[PROBLEM STATEMENT] Starting at the line holding "- RGA-1190 Rapid-fire" and finishing at the line holding "Данную карту визуально", transcribe the material exactly, keeping both ends but no pictures.

[STORED DATA]
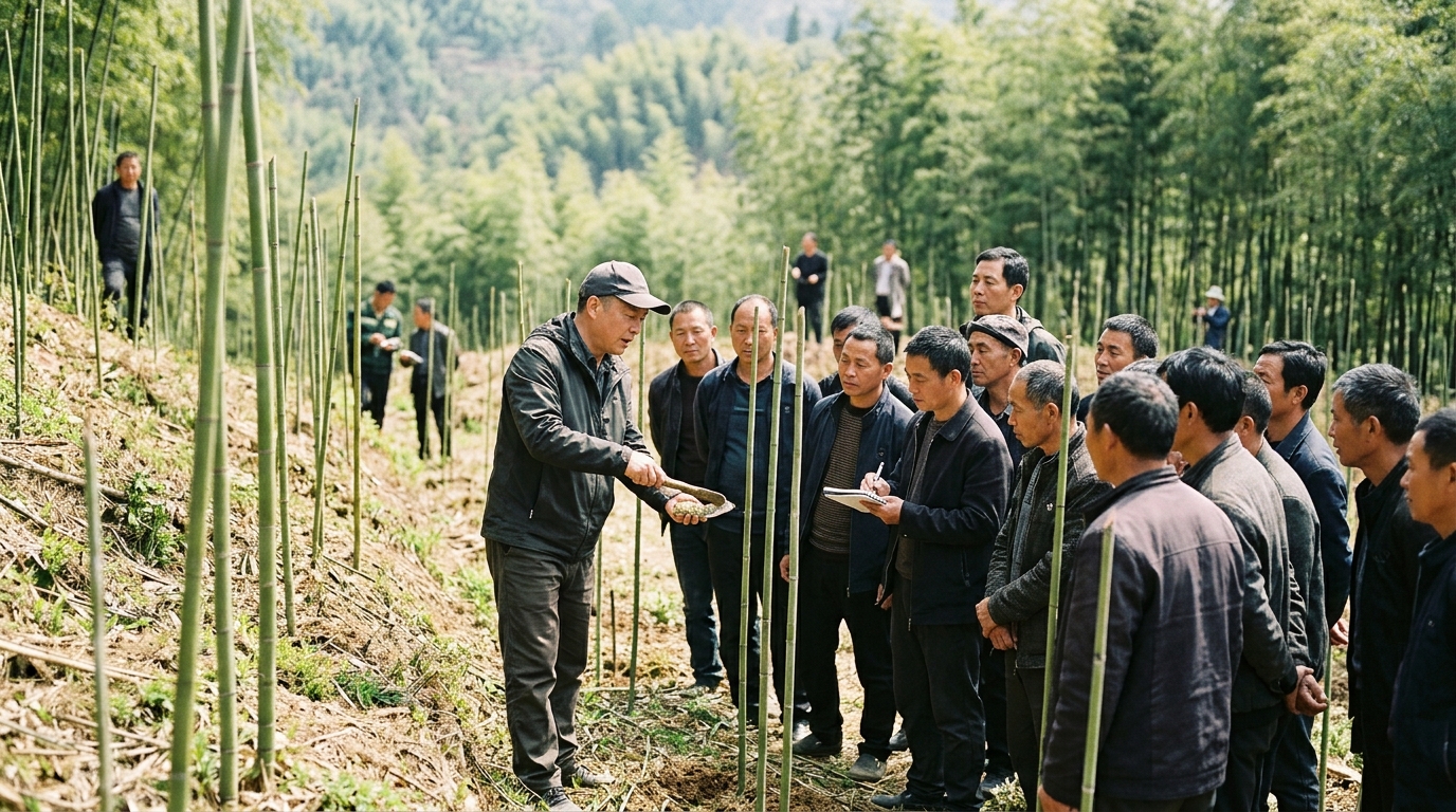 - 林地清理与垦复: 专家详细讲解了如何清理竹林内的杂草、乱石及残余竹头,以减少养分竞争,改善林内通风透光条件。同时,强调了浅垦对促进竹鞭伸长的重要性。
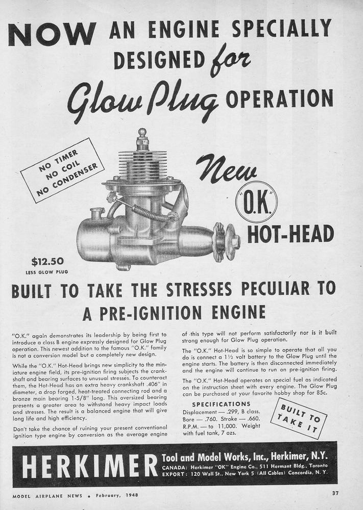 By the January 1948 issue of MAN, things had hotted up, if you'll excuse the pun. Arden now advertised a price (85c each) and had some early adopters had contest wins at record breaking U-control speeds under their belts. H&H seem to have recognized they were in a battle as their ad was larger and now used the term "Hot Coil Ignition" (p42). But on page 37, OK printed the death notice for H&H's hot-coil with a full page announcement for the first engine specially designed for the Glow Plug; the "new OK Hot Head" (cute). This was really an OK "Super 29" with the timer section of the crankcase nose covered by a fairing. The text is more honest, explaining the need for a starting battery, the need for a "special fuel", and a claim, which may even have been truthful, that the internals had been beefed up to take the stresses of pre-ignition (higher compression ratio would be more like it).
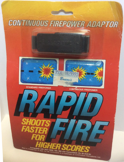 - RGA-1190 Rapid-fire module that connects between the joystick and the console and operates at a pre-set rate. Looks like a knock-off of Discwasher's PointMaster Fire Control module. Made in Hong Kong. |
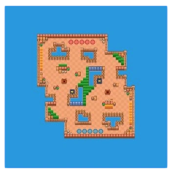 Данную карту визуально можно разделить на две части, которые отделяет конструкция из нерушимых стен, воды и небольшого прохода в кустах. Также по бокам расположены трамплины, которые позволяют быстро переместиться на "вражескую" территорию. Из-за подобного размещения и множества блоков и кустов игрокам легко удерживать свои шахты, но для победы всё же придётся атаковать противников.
---
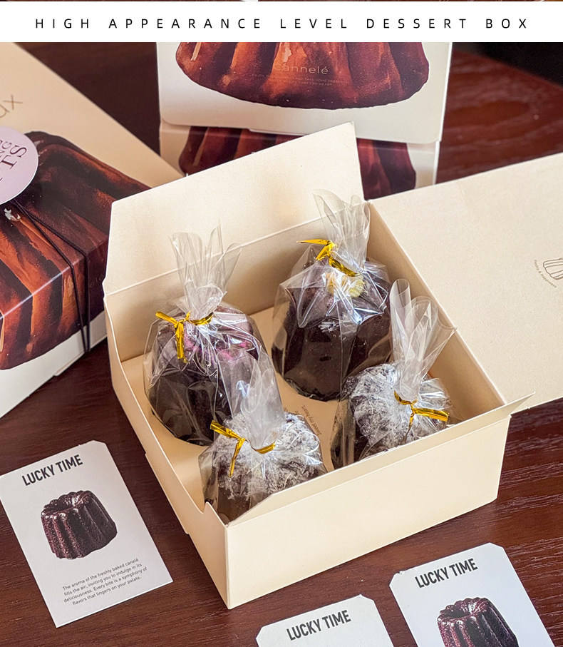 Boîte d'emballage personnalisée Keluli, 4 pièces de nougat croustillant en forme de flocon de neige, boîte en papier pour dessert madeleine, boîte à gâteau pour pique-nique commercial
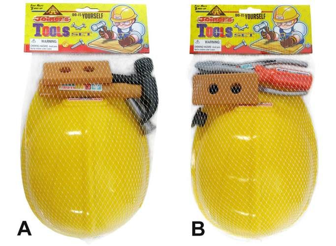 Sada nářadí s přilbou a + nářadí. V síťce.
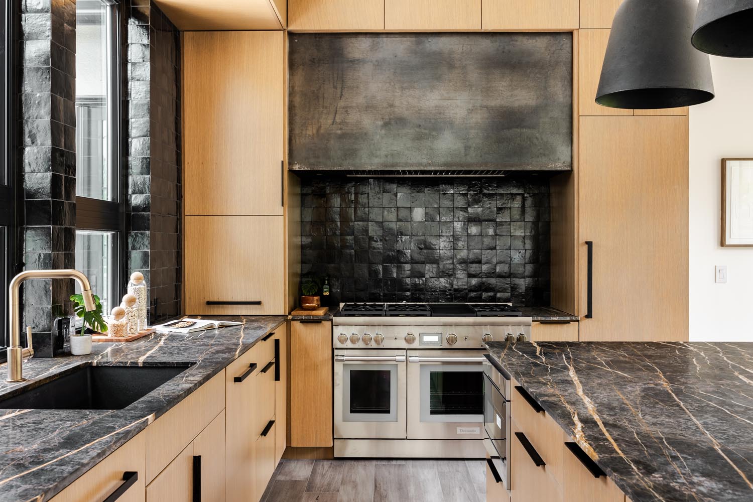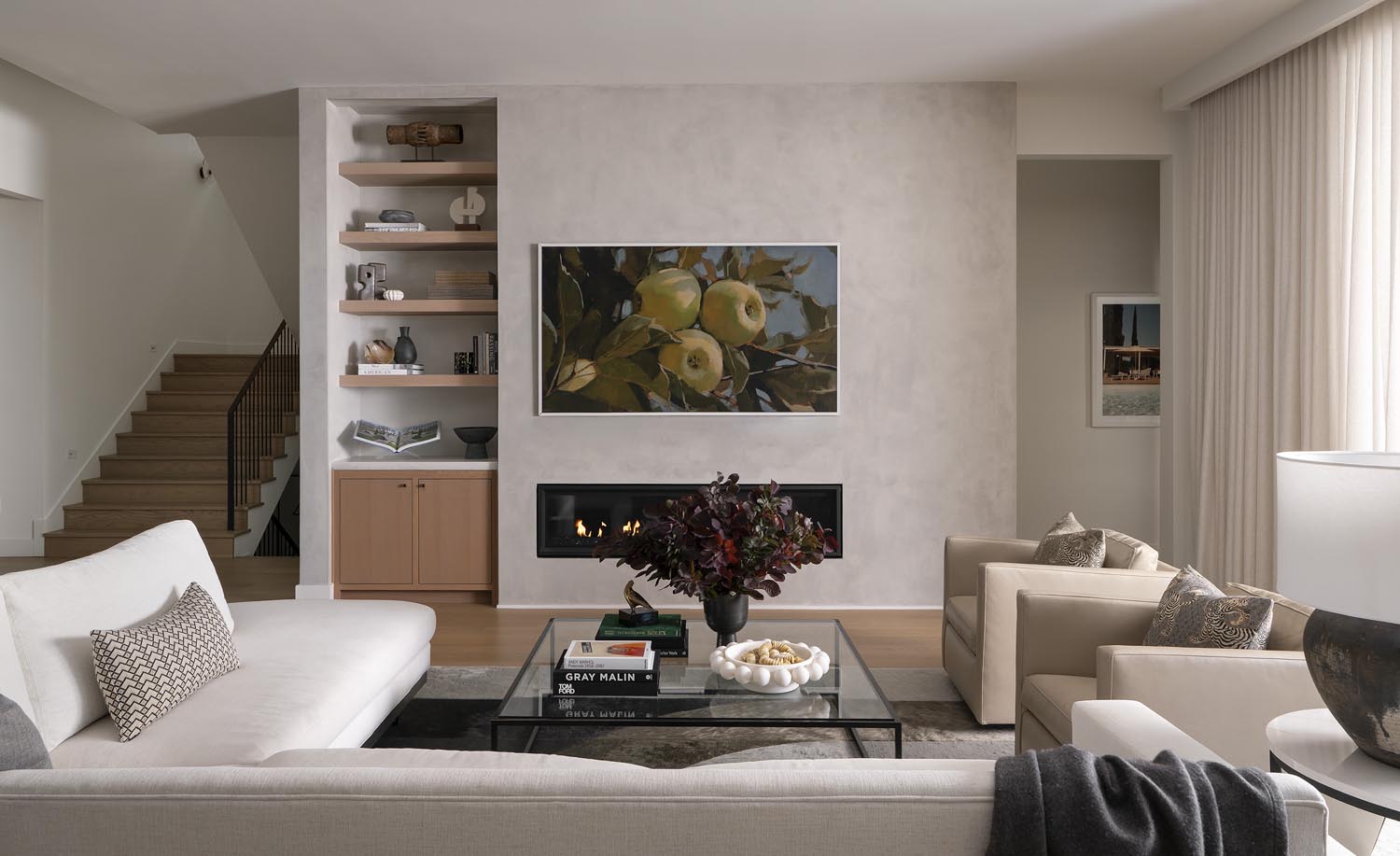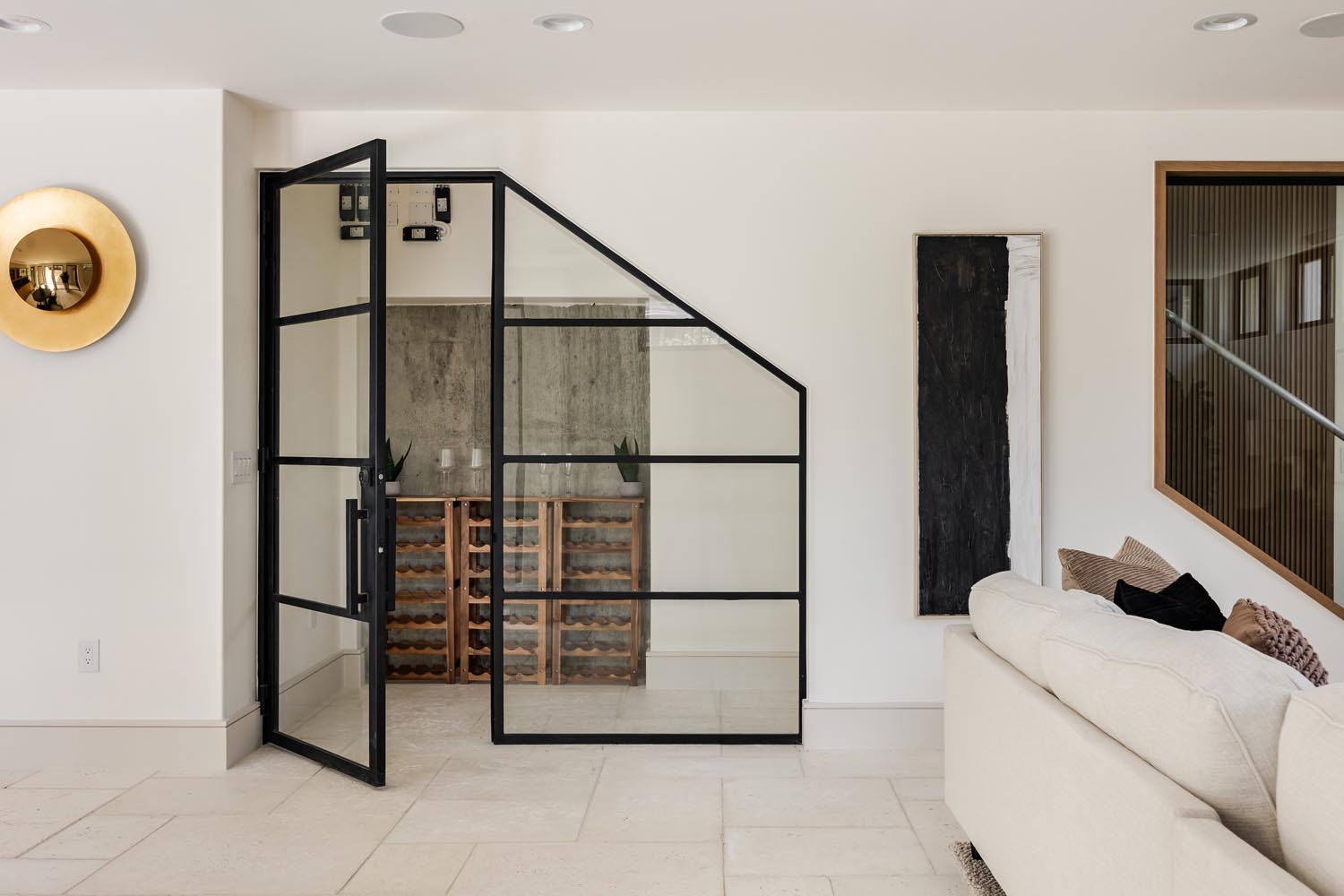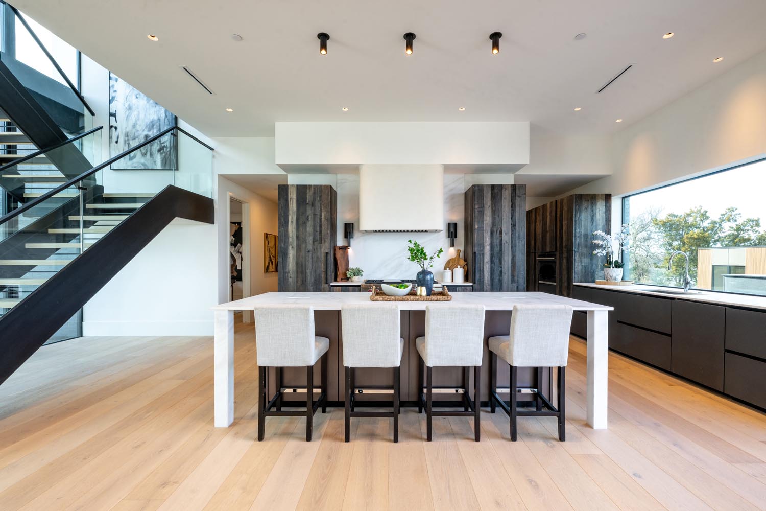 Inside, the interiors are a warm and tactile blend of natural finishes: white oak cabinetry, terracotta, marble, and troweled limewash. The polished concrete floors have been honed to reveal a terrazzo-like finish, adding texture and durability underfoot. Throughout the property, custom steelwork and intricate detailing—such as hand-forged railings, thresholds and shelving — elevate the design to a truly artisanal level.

[EXERCISE SOLUTION]
 - RGA-1190 Rapid-fire module that connects between the joystick and the console and operates at a pre-set rate. Looks like a knock-off of Discwasher's PointMaster Fire Control module. Made in Hong Kong. |
 Данную карту визуально можно разделить на две части, которые отделяет конструкция из нерушимых стен, воды и небольшого прохода в кустах. Также по бокам расположены трамплины, которые позволяют быстро переместиться на "вражескую" территорию. Из-за подобного размещения и множества блоков и кустов игрокам легко удерживать свои шахты, но для победы всё же придётся атаковать противников.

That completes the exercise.